Misschien nog verontrustender is dat de Electronic Frontier Foundation de OTF ook van harte heeft gesteund, door te stellen dat de organisatie door de jaren heen “vertrouwen heeft verdiend door haar open source-ethos, transparantie en een toewijding aan onafhankelijkheid van haar financier, USAGAM.” “De financiering van OTF is gericht op instrumenten om individuen te helpen die onder repressieve regeringen leven”, voegt EFF toe.

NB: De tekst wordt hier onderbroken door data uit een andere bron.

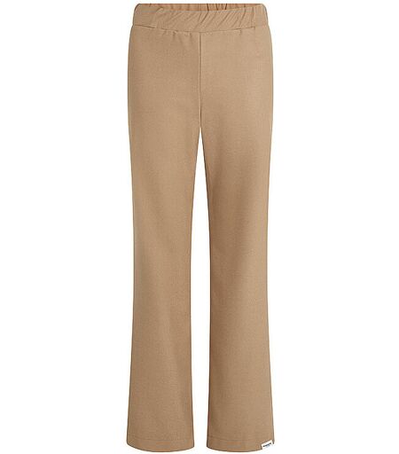 Damen Hose aus angenehmem Stretch-Material Mittelhoher Bund Elastischer Bund Gerader Beinverlauf Logo-Patch am Saum Unifarben Farbbezeichnung: Camel Material: 68% Polyamid, 32% Elasthan ...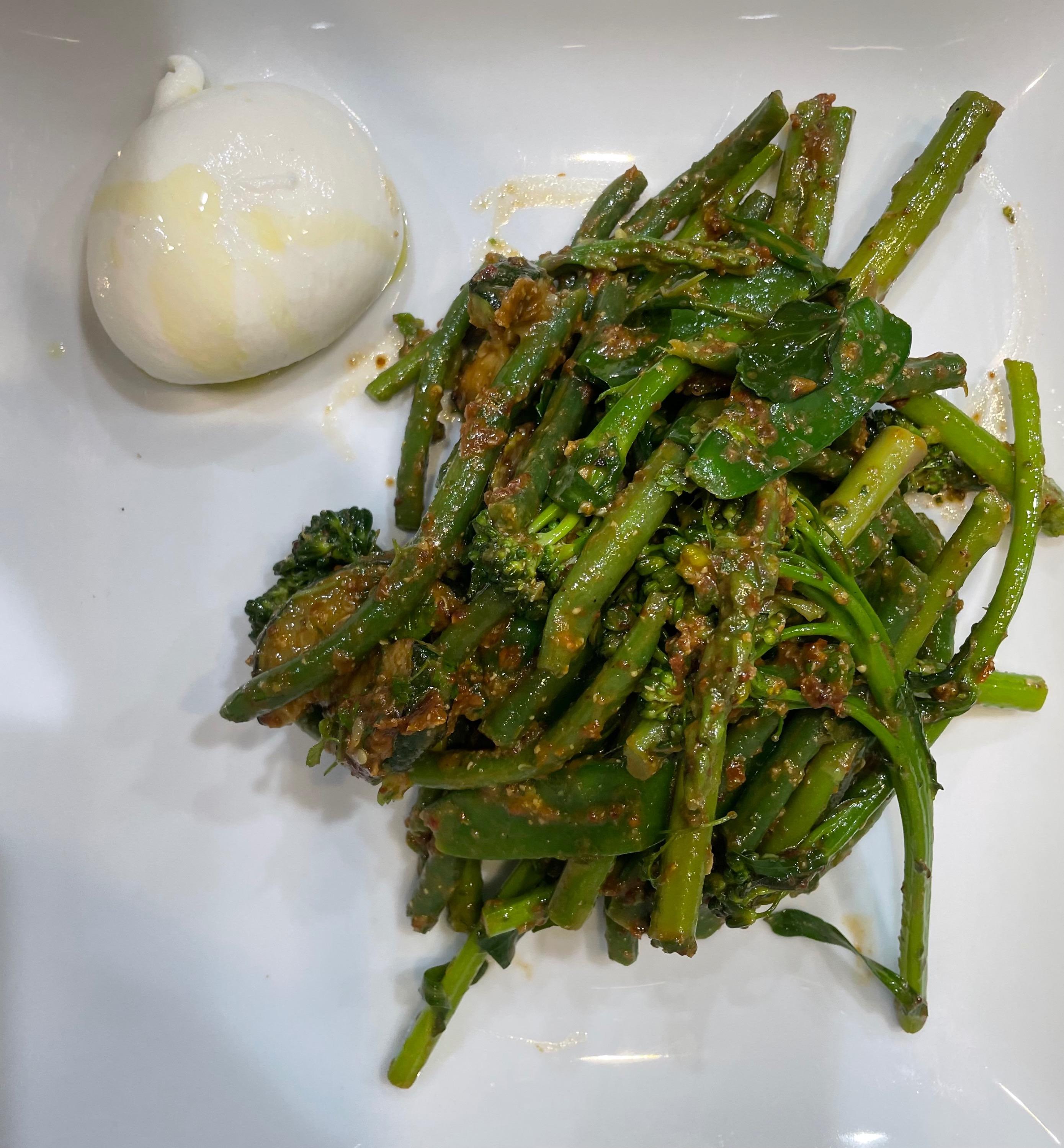 “Green” Salad with Tomato Dressing and Burrata based on a recipe from essen & trinken magazine - the salad has blanched green beans, green asparagus and snow peas, pan-seared zucchini and broccolini, radishes and chervil. The dressing is made by pureeing dried tomatoes, garlic, basil, mustard, smoked paprika, orange juice, olive oil and champagne vinegar. Served with burrata drizzled with olive oil

Helaas is de EFF fundamenteel verweven met de nationale veiligheidsstaat zelf, met een aantal van zijn medewerkers in de OTF-adviesraad. In de jaren negentig werkte de EFF samen met de FBI om de zogenaamde “Let’s Just Wiretap Everyone Bill” goed te keuren, waarbij de ontwerpwetgeving van het bureau werd herschreven om het voor het publiek aangenamer te laten klinken. Dat wetsvoorstel werd de basis voor een groot deel van de voortdurende invasieve online surveillance van de FBI. De OTF heeft ook een aantal EFF-projecten gesponsord. MintPress nam contact op met de EFF voor commentaar, maar kreeg geen antwoord.

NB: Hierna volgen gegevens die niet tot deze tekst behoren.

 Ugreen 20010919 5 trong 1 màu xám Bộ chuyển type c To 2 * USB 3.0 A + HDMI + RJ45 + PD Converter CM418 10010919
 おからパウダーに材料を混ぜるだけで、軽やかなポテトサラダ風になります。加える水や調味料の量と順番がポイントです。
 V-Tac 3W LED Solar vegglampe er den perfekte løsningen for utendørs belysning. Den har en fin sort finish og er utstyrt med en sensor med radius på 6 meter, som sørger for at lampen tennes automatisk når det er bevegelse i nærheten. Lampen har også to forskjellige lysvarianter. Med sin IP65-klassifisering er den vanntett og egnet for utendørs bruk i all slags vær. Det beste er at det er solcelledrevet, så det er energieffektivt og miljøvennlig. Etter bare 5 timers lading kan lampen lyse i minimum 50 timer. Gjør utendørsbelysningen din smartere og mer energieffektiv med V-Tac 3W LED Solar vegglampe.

Een verborgen wapen in de wereldwijde cyberoorlog
Hoewel Tor en Signal op het eerste gezicht robuust kunnen zijn, lijkt het feit dat belangrijke delen van de internetvrijheid en anti-surveillance-beweging verweven zijn met de Amerikaanse nationale veiligheidsstaat een absurde tegenstrijdigheid. De NSA loog jarenlang, zelfs onder ede, dat ze geen Amerikanen bespioneerde. In werkelijkheid verzamelde het stapels gegevens over zowat iedereen. De VS hielden zelfs nauwlettend toezicht op hun naaste internationale bondgenoten, zoals de Duitse bondskanselier Angela Merkel. Wat zou er, gezien een dergelijke geschiedenis, mogelijk kunnen worden gedaan om de angst weg te nemen dat een soortgelijke operatie momenteel niet wordt uitgevoerd?
Terwijl de OTF zichzelf presenteert als onafhankelijke internetvrijheidsactivisten, wijzen hun financiering, personeel, geschiedenis en keuze van doelen allemaal op de conclusie dat ze een digitaal wapen zijn dat wordt gebruikt tegen de vijanden van Washington.
Hun gepraat over “vrijheid van informatie” doet dus denken aan discussies over “vrije markten”. Vrijheid van informatie wordt momenteel verdedigd door de overheid die het internet domineert en controleert en die hefboom kan gebruiken om haar internationale ambities waar te maken. En terwijl de VS vroom praten over vrijheid van informatie, is er een ineenstorting, gevolgd door een totale aanval vanuit Washington, die vreest dat ze zullen worden op dezelfde manier bewapend, heeft Washington Silicon Valley bewapend.
Er wordt een stille oorlog gevoerd om de controle over cyberspace. En in oorlog is de waarheid altijd het eerste slachtoffer.